The Bank of Canada will not raise its benchmark interest rate until the slack in the country’s
economy is absorbed, which has not yet happened but is getting closer, Governor Tiff Macklem said in a newspaper opinion piece on Monday.
Macklem also noted that while inflation risks have increased – driven by pandemic-induced demand shifts, supply disruptions and higher energy prices – the central bank continues to view the recent dynamics as transitory.
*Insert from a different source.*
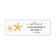 Une étiquette d'adresse de retour personnalisée à l'étoile orange moderne. Ce étiquette de adresse personnalisé dispose d'une police de script de calligraphie élégante et de deux étoiles de mer.

“For the policy interest rate, our forward guidance has been clear that we will not raise interest rates until economic slack is absorbed. We are not there yet, but we are getting closer,” Macklem wrote in an op-ed for the Financial Times newspaper.
He added that the central bank’s policy framework – a flexible inflation target focused on the two per cent midpoint of a 1-3 per cent control range – means that Canadians can be confident it will keep inflation under control, while supporting a full recovery.
“What our resolve does mean is that if we end up being wrong about the persistence of inflationary pressures and how much slack remains in the economy, we will adjust. Our framework enables us to do just that,” Macklem said.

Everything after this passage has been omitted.